Stored items from a collection
####
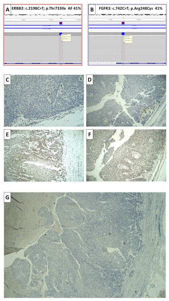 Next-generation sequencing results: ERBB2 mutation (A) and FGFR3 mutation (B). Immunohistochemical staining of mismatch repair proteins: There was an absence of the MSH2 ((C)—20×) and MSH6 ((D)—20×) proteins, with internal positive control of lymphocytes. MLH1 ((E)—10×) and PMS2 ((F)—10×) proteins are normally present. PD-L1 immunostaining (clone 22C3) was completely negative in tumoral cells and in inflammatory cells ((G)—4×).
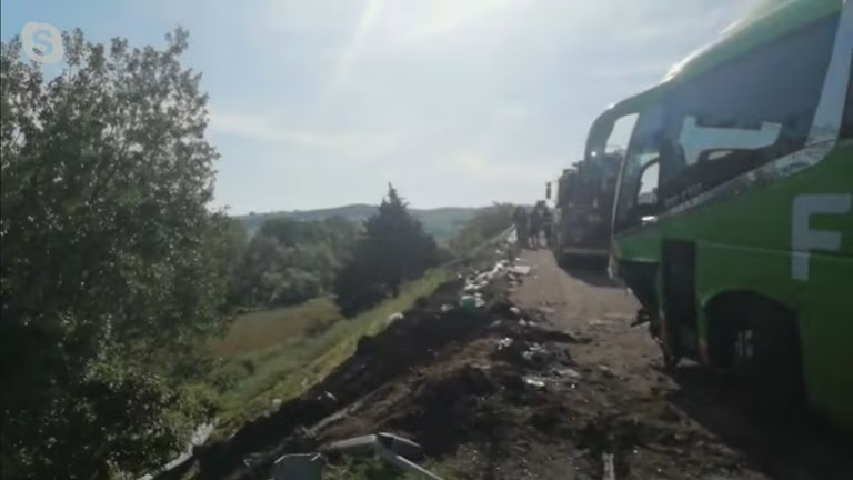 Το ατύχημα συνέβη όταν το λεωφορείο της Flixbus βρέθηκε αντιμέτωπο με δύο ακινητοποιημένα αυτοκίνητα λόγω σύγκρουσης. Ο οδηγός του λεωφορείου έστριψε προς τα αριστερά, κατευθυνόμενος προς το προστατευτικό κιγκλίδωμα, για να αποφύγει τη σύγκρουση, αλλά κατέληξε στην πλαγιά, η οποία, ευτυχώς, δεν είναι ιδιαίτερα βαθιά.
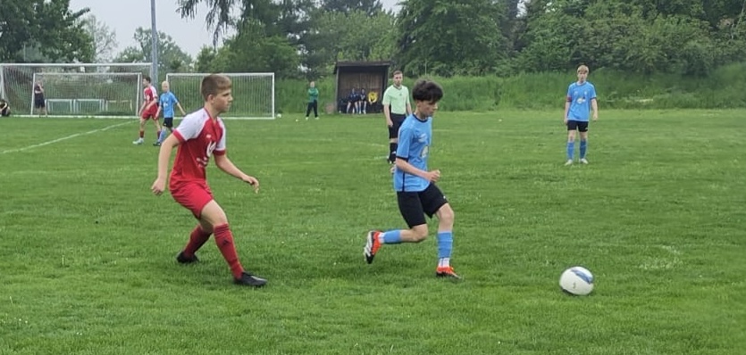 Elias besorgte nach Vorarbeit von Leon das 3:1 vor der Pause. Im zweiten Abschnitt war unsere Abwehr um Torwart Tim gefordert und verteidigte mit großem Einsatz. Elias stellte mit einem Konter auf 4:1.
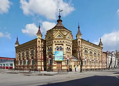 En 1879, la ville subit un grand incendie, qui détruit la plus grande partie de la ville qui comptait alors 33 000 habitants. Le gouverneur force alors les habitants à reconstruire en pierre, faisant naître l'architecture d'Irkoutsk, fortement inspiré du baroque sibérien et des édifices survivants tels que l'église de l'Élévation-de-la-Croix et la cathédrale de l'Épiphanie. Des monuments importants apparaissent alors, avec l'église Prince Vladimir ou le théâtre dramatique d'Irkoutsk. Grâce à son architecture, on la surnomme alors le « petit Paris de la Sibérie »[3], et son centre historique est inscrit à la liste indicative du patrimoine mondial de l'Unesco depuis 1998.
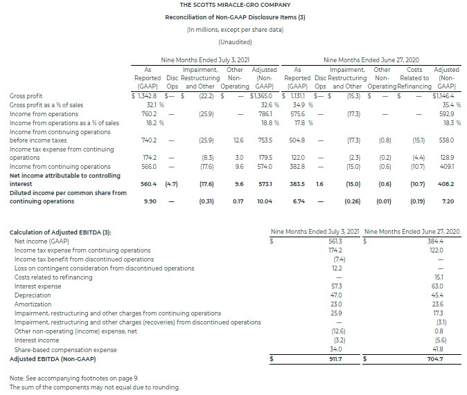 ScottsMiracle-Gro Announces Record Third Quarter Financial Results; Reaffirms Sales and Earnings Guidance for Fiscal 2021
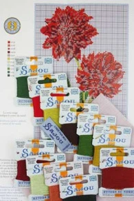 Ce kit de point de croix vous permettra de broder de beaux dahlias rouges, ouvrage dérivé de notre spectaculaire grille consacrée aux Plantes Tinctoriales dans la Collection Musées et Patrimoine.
####
> Exercise:
Leave out the pictures, then give all the records again exactly.

> Answer space:
 Next-generation sequencing results: ERBB2 mutation (A) and FGFR3 mutation (B). Immunohistochemical staining of mismatch repair proteins: There was an absence of the MSH2 ((C)—20×) and MSH6 ((D)—20×) proteins, with internal positive control of lymphocytes. MLH1 ((E)—10×) and PMS2 ((F)—10×) proteins are normally present. PD-L1 immunostaining (clone 22C3) was completely negative in tumoral cells and in inflammatory cells ((G)—4×).
 Το ατύχημα συνέβη όταν το λεωφορείο της Flixbus βρέθηκε αντιμέτωπο με δύο ακινητοποιημένα αυτοκίνητα λόγω σύγκρουσης. Ο οδηγός του λεωφορείου έστριψε προς τα αριστερά, κατευθυνόμενος προς το προστατευτικό κιγκλίδωμα, για να αποφύγει τη σύγκρουση, αλλά κατέληξε στην πλαγιά, η οποία, ευτυχώς, δεν είναι ιδιαίτερα βαθιά.
 Elias besorgte nach Vorarbeit von Leon das 3:1 vor der Pause. Im zweiten Abschnitt war unsere Abwehr um Torwart Tim gefordert und verteidigte mit großem Einsatz. Elias stellte mit einem Konter auf 4:1.
 En 1879, la ville subit un grand incendie, qui détruit la plus grande partie de la ville qui comptait alors 33 000 habitants. Le gouverneur force alors les habitants à reconstruire en pierre, faisant naître l'architecture d'Irkoutsk, fortement inspiré du baroque sibérien et des édifices survivants tels que l'église de l'Élévation-de-la-Croix et la cathédrale de l'Épiphanie. Des monuments importants apparaissent alors, avec l'église Prince Vladimir ou le théâtre dramatique d'Irkoutsk. Grâce à son architecture, on la surnomme alors le « petit Paris de la Sibérie »[3], et son centre historique est inscrit à la liste indicative du patrimoine mondial de l'Unesco depuis 1998.
 ScottsMiracle-Gro Announces Record Third Quarter Financial Results; Reaffirms Sales and Earnings Guidance for Fiscal 2021
 Ce kit de point de croix vous permettra de broder de beaux dahlias rouges, ouvrage dérivé de notre spectaculaire grille consacrée aux Plantes Tinctoriales dans la Collection Musées et Patrimoine.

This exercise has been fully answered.